═══ Data in this exercise
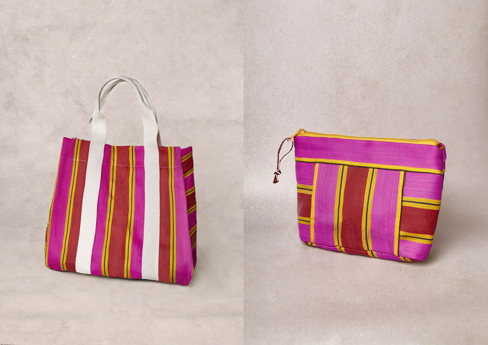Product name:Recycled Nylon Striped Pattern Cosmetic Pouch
══════
═══ Data in this exercise
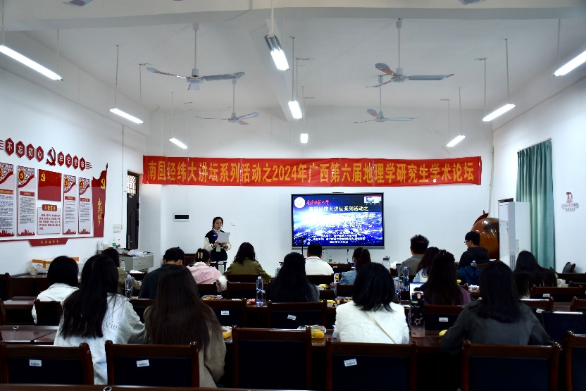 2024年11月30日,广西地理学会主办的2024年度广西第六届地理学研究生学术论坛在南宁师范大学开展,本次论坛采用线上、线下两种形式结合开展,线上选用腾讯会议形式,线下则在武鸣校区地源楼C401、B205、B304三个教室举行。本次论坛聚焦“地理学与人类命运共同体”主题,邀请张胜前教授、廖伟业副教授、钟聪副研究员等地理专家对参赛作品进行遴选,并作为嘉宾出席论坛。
══════
═══ Data in this exercise
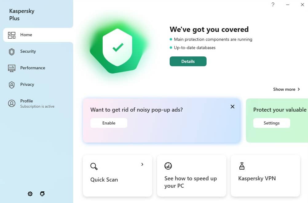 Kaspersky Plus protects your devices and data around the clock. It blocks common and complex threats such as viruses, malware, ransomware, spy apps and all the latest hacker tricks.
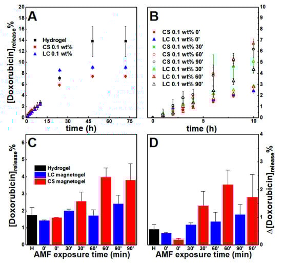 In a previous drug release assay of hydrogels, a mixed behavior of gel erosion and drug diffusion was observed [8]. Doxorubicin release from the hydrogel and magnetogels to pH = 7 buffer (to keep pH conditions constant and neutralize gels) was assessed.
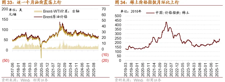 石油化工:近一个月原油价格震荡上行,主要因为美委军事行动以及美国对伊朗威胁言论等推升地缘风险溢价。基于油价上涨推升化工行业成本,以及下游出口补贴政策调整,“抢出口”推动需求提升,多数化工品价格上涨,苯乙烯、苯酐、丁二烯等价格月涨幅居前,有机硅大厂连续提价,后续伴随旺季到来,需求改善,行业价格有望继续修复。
══════
Everything above from the line with "Kaspersky Plus protects" through the line with "In a previous" should be retyped exactly, and nothing else; omit pictures.

 Kaspersky Plus protects your devices and data around the clock. It blocks common and complex threats such as viruses, malware, ransomware, spy apps and all the latest hacker tricks.
 In a previous drug release assay of hydrogels, a mixed behavior of gel erosion and drug diffusion was observed [8]. Doxorubicin release from the hydrogel and magnetogels to pH = 7 buffer (to keep pH conditions constant and neutralize gels) was assessed.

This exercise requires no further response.